Do You Have To Have Health Insurance? The Risks of Not Having Insurance
Do you have to have health insurance? Paying health premiums can sometimes be financially overburdening especially if you have other mandatory financial obligations like having to pay off your student loan debt. And if you are young and healthy, having to pay premiums every month for something you will not need immediately can even seem unnecessary. This then leads to the question: do you have to have health insurance?
Generally, in order to understand the answers to this question, you have to understand the effect of the Affordable Care Act, and the rule changes that have happened since then. Also, since states have the power to make rules regarding healthcare, they too have a say on the consequences of having health insurance.
The Affordable Care Act and the effect of not having health insurance
The main reason why The Affordable Care Act came into place was to increase access to health care. It did this by making it easier for people to qualify for Medicaid. It also tried to make health care insurance more affordable by offering a number of cost-reducing subsidies. Unfortunately, it also came with an additional rule that imposed a tax penalty for anyone that did not have health insurance. Therefore, under this law, it was effectively a must for everyone to have health insurance because if you failed to have it, you were given a financial punishment that came in the form of a tax penalty.
However, it is important to note that under this law, there were exemptions in that not everyone had to have health insurance. These exemptions applied to people who faced specified hardships. These hardships ranged from financial hardships to hardships that simply involved certain life events. Therefore, for people who qualified for these exemptions, they didn’t have to have health insurance. Their failure to have coverage did not invite a financial penalty.

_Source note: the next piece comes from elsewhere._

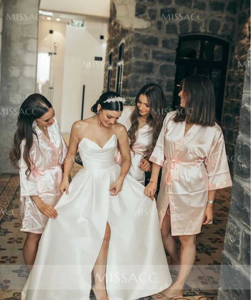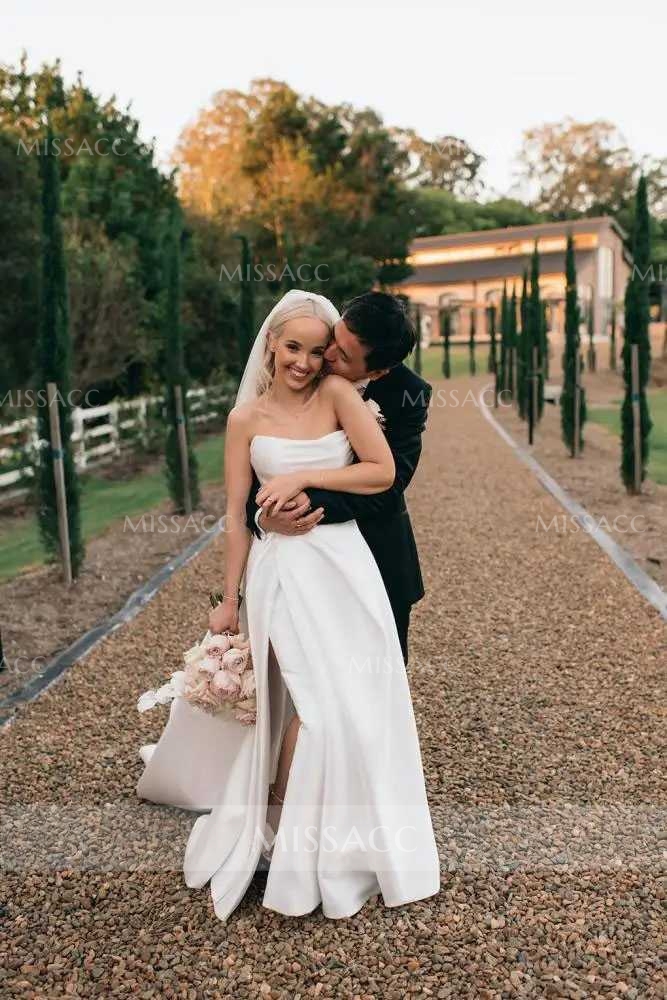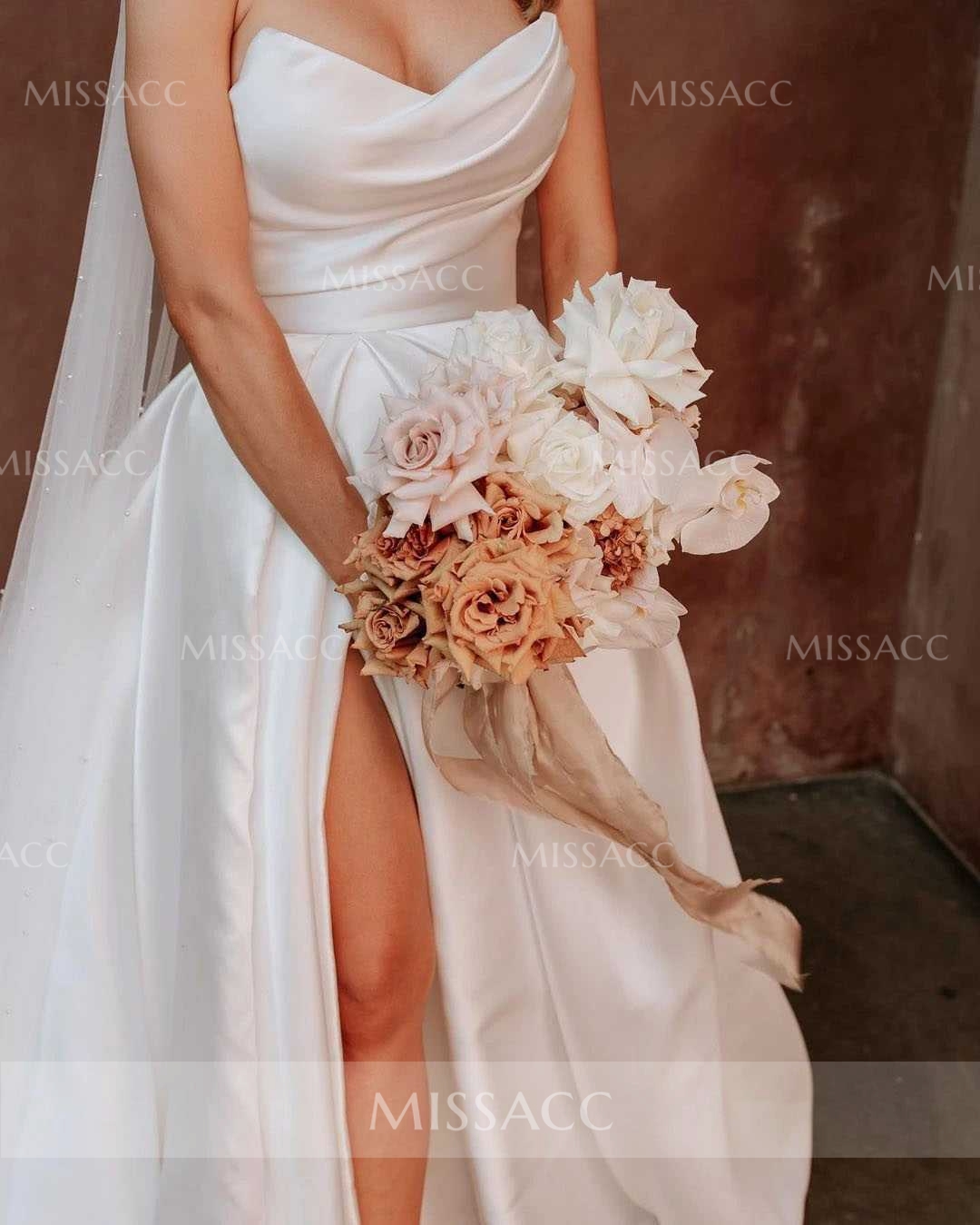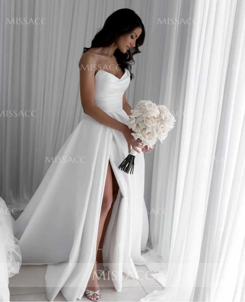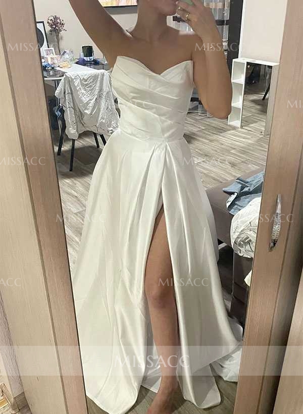 A-Line Sweetheart Satin Sweep Train Wedding Dresses With Split Front

The rule after January 2019
Things changed after January 2019 in that the consequences of not having to have health insurance were removed. As a result, health insurance coverage was no longer mandatory and one could simply opt out of the burden of paying premiums without the fear of facing a tax penalty.
However, while this penalty mandate no longer exists, it doesn’t necessarily mean that everyone is off the hook. This is because states can make their own healthcare rules. Therefore, even if the federal government does not essentially make it mandatory to have health insurance, a state can do so. Therefore, you should definitely check up on your state laws before assuming that there isn’t a requirement to have this form of insurance. This is so especially if you reside in Vermont, New Jersey, Massachusetts, or California.

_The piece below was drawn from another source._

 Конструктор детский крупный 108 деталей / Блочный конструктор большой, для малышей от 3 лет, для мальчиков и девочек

Why would anyone want to opt out of having health insurance coverage?
The main reason why not having health insurance can seem attractive is that one will not have the obligation to pay off monthly premiums. It essentially leaves you with a little more money to spend, save or take care of your debts at the end of the month. This is something that can be attractive especially if you don’t earn as much money.
There are also circumstances where negotiating your own health care costs can prove to be cheaper. As a result, paying out of pocket, instead of relying on insurance coverage, can sometimes be a financially rewarding decision since doctors and hospitals sometimes offer discounts and negotiating with them could give you cheaper rates.
The danger of not having health insurance coverage
While paying for monthly health insurance premiums might seem financially draining, it is nothing compared to the financial disaster that skyrocketing medical bills can have on your life. Getting covered gives you a layer of security, and it always comes in handy in helping to ensure that you get the medical care that you need irrespective of your financial standing. Essentially, without getting coverage from a good health insurance provider, you are always one illness or accident away from getting financially drained.
While paying out-of-pocket might sometimes get you savings, this is rare. In most cases, when you add the cost of insurance and compare it to the medical bills that your insurer ends up covering in case of a serious illness or severe injury, it is financially prudent to get coverage.